Tech giants like Google have been developing their own silicon to fill data centers in recent years, seeking an alternative to expensive and supply-constrained GPUs. Nvidia and AMD.
These hyperscalers are creating so-called application-specific integrated circuits (ASICs). It is smaller and cheaper than the flagship GPU for general-purpose AI, but is limited to performing a narrower range of tasks.
google first worked on ASIC games and released its first Tensor Processing Unit in 2015. Amazon Next, the first custom chip was announced in 2018. While these big tech companies include their AI chips as part of their respective cloud computing platforms for customers to access, Meta’s MTIA chips are used entirely for internal purposes.

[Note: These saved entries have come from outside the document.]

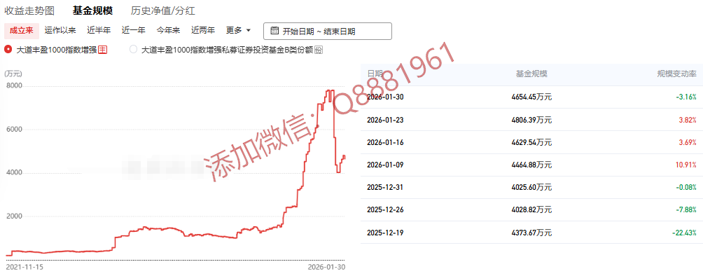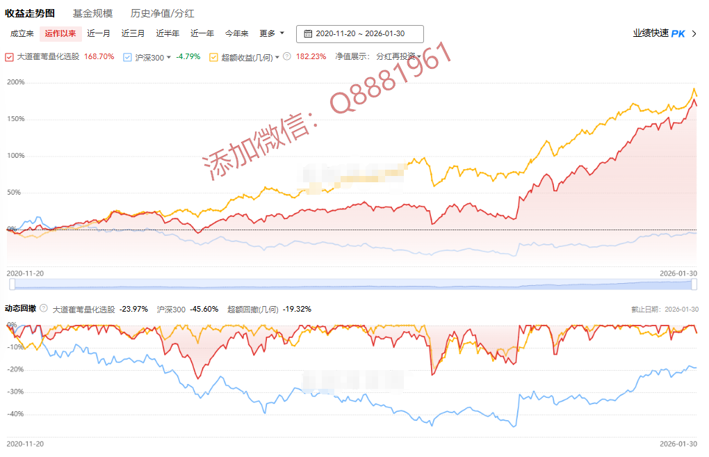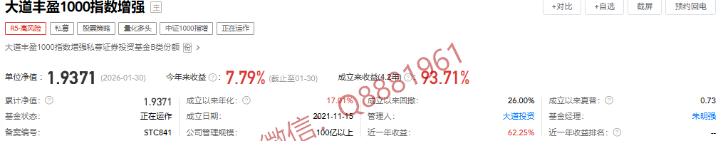 该只私募基金产品为R5高风险,今年以来的收益为-2.88%,成立8.5年以来的收益为122.80%,其中我们来看一下具体数据,成立以来的夏普比为1.50,成立以来的回撤为5.16%,单位净值为2.2280,通过图片,可以观察到这支基金产品的基金规模,截止到2026/1/30的累计净值为2.2280。想追踪最新的基金信息,微信扫描文章下方二维码了解更多信息,加我微信不迷路。
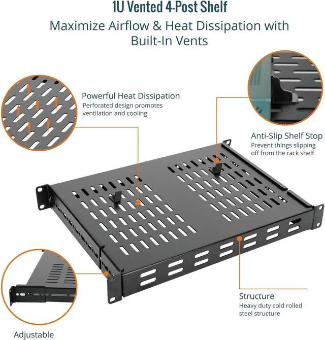 Sturdy and Durable:Constructed with SPCC commercial cold rolled steel, this fixed rack mount shelf supports up to 242lbs,especially for heavy IT equipment like tower server, UPS,NAS,amplifier and so on
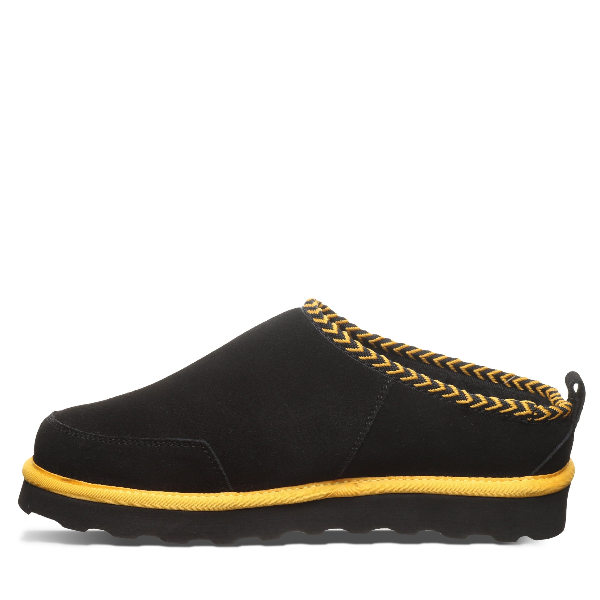 The Damian Black/Gold Slipper for men blends game-day flair with everyday comfort, featuring a genuine suede upper in bold team hues and a plush wool blend fur lining to keep feet warm year-round. The cushioned footbed delivers all-day comfort, and the sturdy indoor/outdoor sole is ready for quick trips outside.
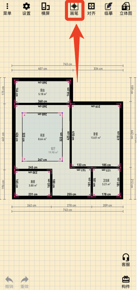 2、点击上方的【画笔】即可修改默认的户型图。

Meta’s next-generation MTIA 400 custom accelerator has completed its testing phase and will soon be deployed in Meta data centers.
Provided by: Meta
Future MTIA chips will be equipped with more high-bandwidth memory (HBM) to power GenAI-related inference tasks.
The technology industry’s mega-AI push is creating a market-wide shortage of memory chips, meaning Meta’s ambitious silicon roadmap could face future supply chain constraints.
“We are absolutely worried about HBM’s supply,” Song said. “But we believe we have secured supply for what we plan to build.”
Memory is typically a cyclical business, with chip manufacturers securing goods from suppliers such as: samsung, SK Hynix and micron on a short-term contract.
Song did not comment on whether the company has long-term contracts with memory vendors to prevent shortages, but said Meta is taking a “multi-pronged” approach to its supply chain and silicon strategy.
In recent weeks, Meta has signed a multi-year deal to equip its data centers with millions of Nvidia GPUs and up to 6 gigawatts of AMD GPUs.
“Workloads are changing rapidly, so we want to make sure we have options,” Song said, referring to chip trading.
Meta’s new in-house chip is Taiwan cicadaoperates primarily outside Taiwan and has a large new chip manufacturing campus in Arizona.
Mehta declined to comment on whether the chips would be manufactured in Arizona.
Most of Meta’s “substantive team” of several hundred engineers who worked on the silicon are based in the United States, Song said. Meta has a total of 30 operational and planned data centers, 26 of which are located in the United States.
WATCH: A deep dive into AI chips, from Nvidia GPUs to ASICs from Google and Amazon.